WHAT YOU NEED TO DO>
Using the data that follows, give again word for word the lines between the one holding "Полушка 1805 года, КМ." and the one holding "1920 Art Nouveau", inclusive. Omit the pictures.

DATA IN THIS EXERCISE>
□ □ □ □ □ □ □
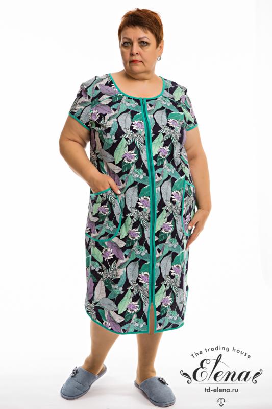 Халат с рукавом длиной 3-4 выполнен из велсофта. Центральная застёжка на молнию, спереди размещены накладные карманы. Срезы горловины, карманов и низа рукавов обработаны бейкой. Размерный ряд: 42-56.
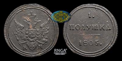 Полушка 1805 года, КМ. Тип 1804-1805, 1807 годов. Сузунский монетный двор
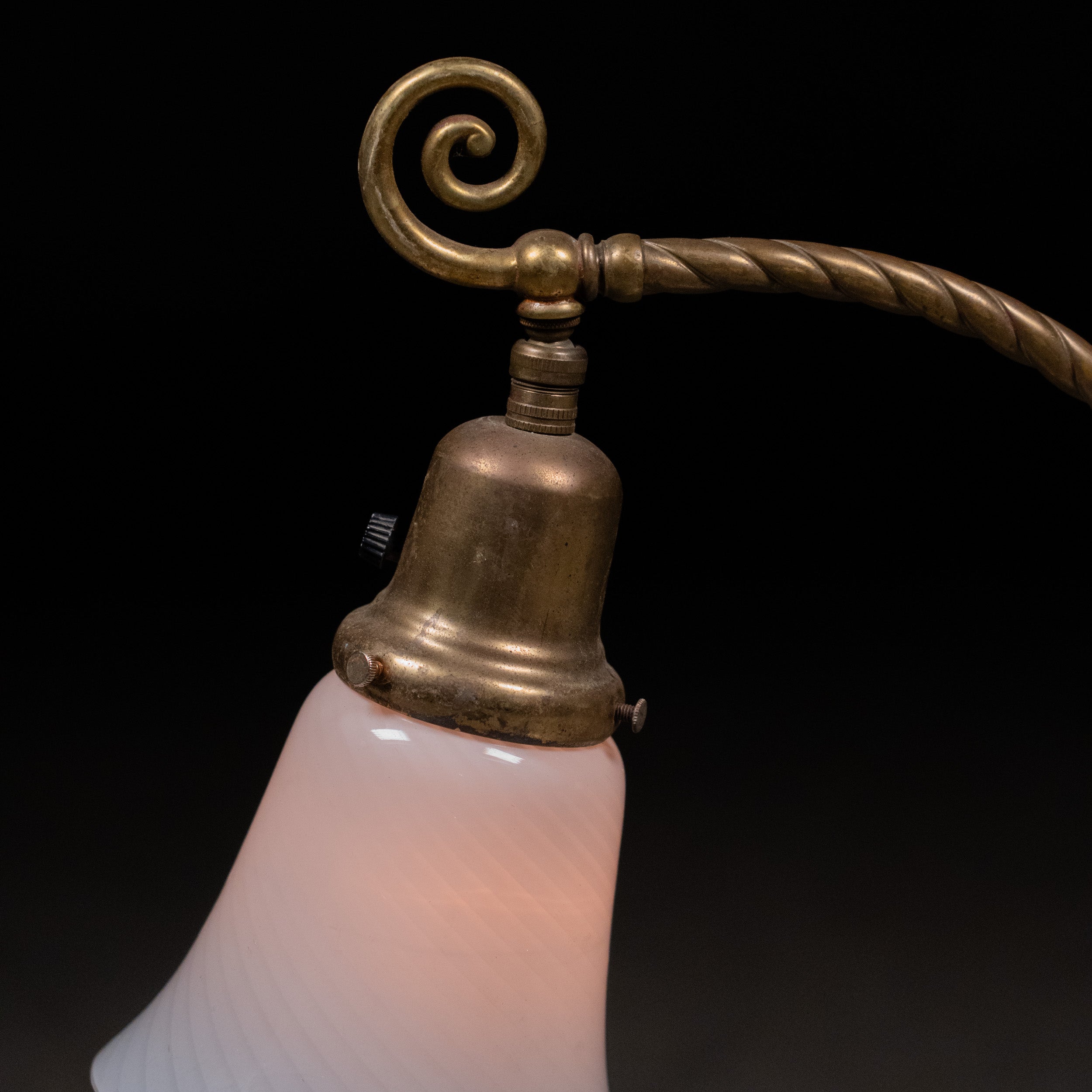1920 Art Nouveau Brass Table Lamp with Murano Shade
□ □ □ □ □ □ □
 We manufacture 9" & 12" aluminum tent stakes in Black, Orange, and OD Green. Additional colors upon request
□ □ □ □ □ □ □
RESPONSE AREA>
 Полушка 1805 года, КМ. Тип 1804-1805, 1807 годов. Сузунский монетный двор
1920 Art Nouveau Brass Table Lamp with Murano Shade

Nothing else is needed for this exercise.